All the datasets are designed for binary classification problems, and downloaded from the LIBSVM data, except the separable dataset. We construct the separable dataset using the code snippet downloaded from Wilson et al., 2019. They are generated by sampling $10240$ instances from $\mathcal{N}(\mu,I_{d})$ with label $b_{i}=1$ and $\mathcal{N}(\mu+\nu,I_{d})$ with label $b_{i}=0$, respectively. Here, $I_{d}\in\mathbb{R}^{d\times d}$ denotes the identity matrix. Each element of the vector $\mu\in\mathbb{R}^{d}$ is sampled from ${0,1,\ldots,19}$ uniformly, while the elements of the margin vector $\nu$ are drawn from ${0,0.1,\ldots,0.9}$ uniformly.

For each dataset, the label of each sample belongs to ${0,1}$. The value of each attribute are normalized to $[-1,1]$ by dividing the data-matrix $(a_1,a_2,\ldots,a_N)$ with the max absolute value of each attribute. The training and testing sets are pre-specified for a5a and w3a.
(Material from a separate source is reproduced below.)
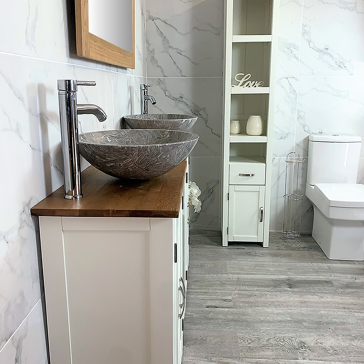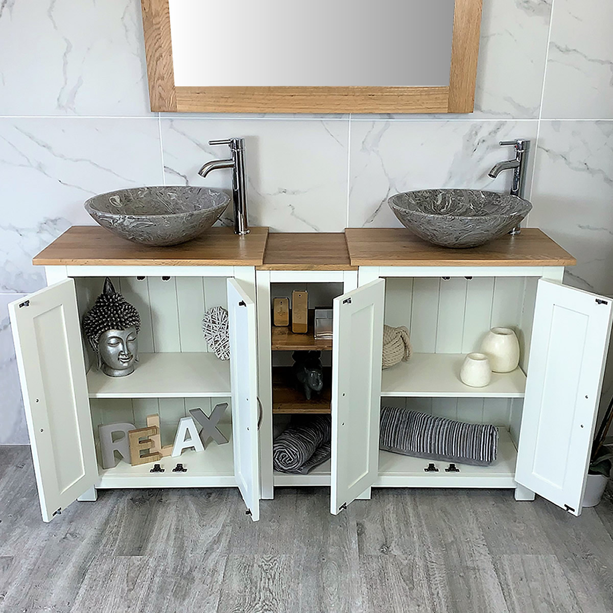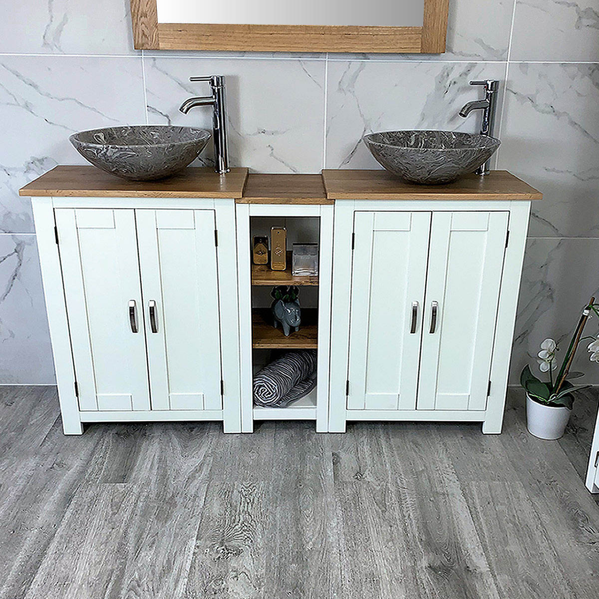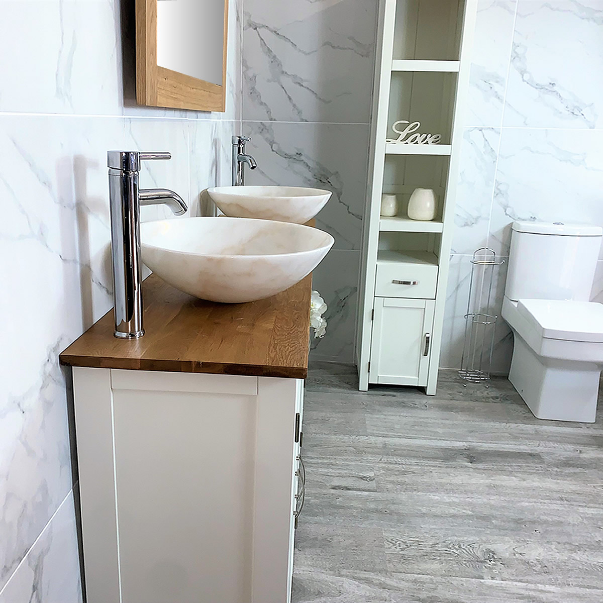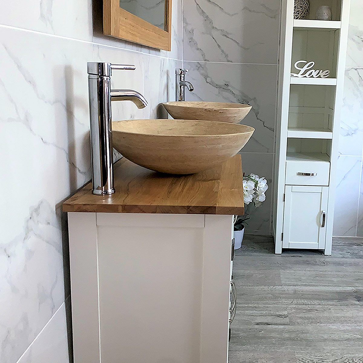 Double Basin Vanity Unit with Oak Top & Two White Marble Basins of your Choice
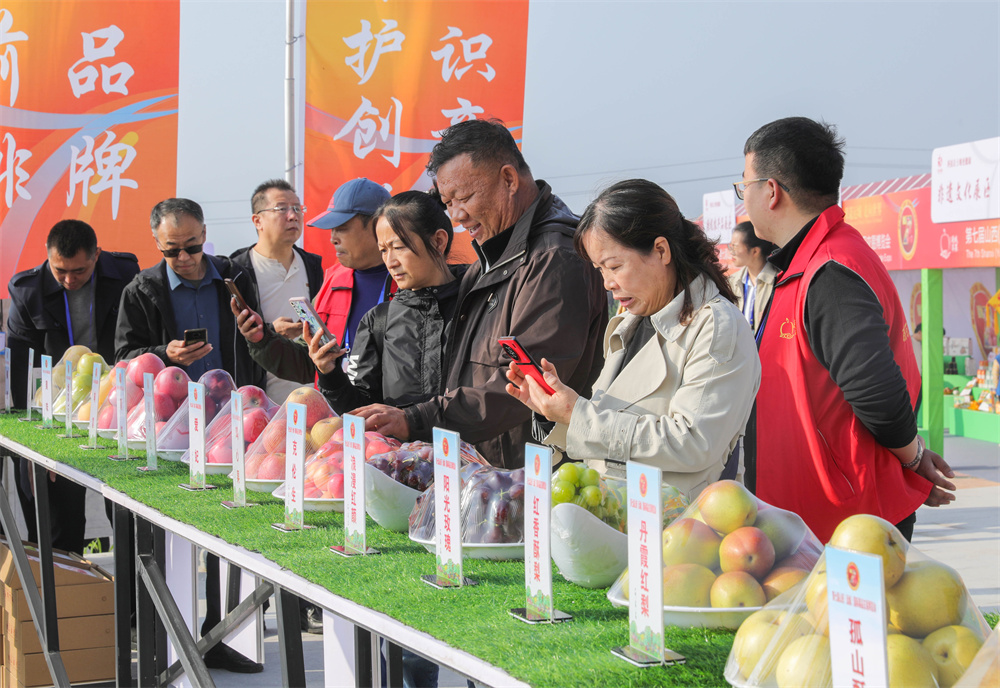 10月24日,参加第七届山西(运城)国际果品交易博览会的嘉宾在万荣分会场参观。

For datasets that do not specify the testing set and training set, we divide them manually.

Compared Methods

We set $L=\min\{|A^\top A|/N,4\Vert \nabla^2 f_{D}(x_0)\Vert\}$, $x_0=x_1=\mathbf{1}/n-\nabla f_{D}(\mathbf{1}/n)/L$, and $v_{0}=x_{0}+\beta(t_{0})\nabla f(x_{0})$. The compared methods in our experiments are listed below.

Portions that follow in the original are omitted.